While the 1621 event may not have been called Thanksgiving, the sentiment was certainly present in that historic celebration, just as it would play a defining role in how the tradition developed over the centuries to come.
“Giving thanks is really an important part of both cultures,” Begley says. “For the English, before and after every meal there was a prayer of thanksgiving. For something on this scale, celebrating a successful harvest, there definitely would have been moments of giving thanks to their God.”
For the Native Americans at the first Thanksgiving, giving thanks was a daily part of life. “We as native people [traditionally] have thanksgivings as a daily, ongoing thing," Linda Coombs, the former associate director of the Wampanoag program at Plimoth Plantation, told the Christian Science Monitor. "Every time anybody went hunting or fishing or picked a plant, they would offer a prayer or acknowledgment."
Venison and shellfish were on the menu.
When the colonists and Native Americans sat down to feast, they probably enjoyed quite different fare than what we’re used to seeing on our Thanksgiving tables today. They may have eaten wild turkey, which Bradford mentions was plentiful in the colony, but it’s not certain even that most ubiquitous of Thanksgiving staples was on the menu.
In addition to venison (Winslow wrote that the Native Americans killed five deer and presented it to the colonists), Begley says that the group probably ate fish and shellfish, which were abundant in the region, as well as fruits and vegetables that the colonists grew in their home gardens. “Cabbage, carrot, cucumbers, leeks, lettuce, parsnips, pumpkins,” he lists. “There were also a lot of native wild plants that English learned how to cook, including Jerusalem artichokes, garlic, cranberries, Concord grapes, walnuts and chestnuts.”

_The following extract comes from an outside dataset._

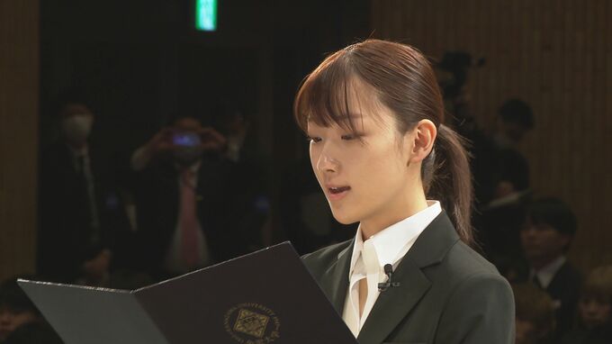 新入生を代表して、人間社会学域法学類の山谷美有さんが「金沢大学に入学するにあたり、諸規則を守り、大学生としての本分を自覚し、勉学に精励することを誓います」と宣誓しました。

The Plymouth colonists certainly did not serve potatoes, which weren’t available to them at the time, and it’s unlikely they prepared the sweet cranberry sauce we know today—their cranberries were more likely a tart garnish. Pumpkin pie would have been impossible, as the colony didn’t have butter, wheat flour or an oven.
As for who prepared the food for the first Thanksgiving, Winslow’s account (like many contemporary sources) doesn’t offer much in the way of domestic details. “There were only four English housewives that were alive in 1621, out of, I think, 20 that came on the Mayflower,” Begley says. “That's not really a lot of people to help you prepare a meal for over 100. So we can speculate that the children, servants and probably some unmarried men were also helping out in preparing all the food.”
The fall tradition took hold in New England.
While it’s not known whether the Plymouth colonists repeated the 1621 celebration in subsequent years, the tradition of giving thanks to God merged with celebrations of the harvest to become a fall tradition in New England by the late 1600s.
But the significance of that first 1621 harvest celebration didn’t really emerge until the mid-19th century, after the writer Alexander Young rediscovered Winslow’s letter and made it famous in his 1841 book Chronicles of the Pilgrim Fathers. Bradford’s manuscript, stolen by the British during the Revolutionary War, was recovered in the 1850s, just in time for the magazine editor Sarah Josepha Hale to incorporate it into her campaign to create an official national Thanksgiving holiday.
In 1863, Hale achieved her goal when President Abraham Lincoln proclaimed the final Thursday in November as a national Thanksgiving holiday for the first time. From its roots in the Plymouth harvest celebration to Hale and Lincoln’s attempt to mend a divided nation during the Civil War, we can trace the origins of the annual celebration of family, food and gratitude we know today.
As for Black Friday, that’s a whole other story.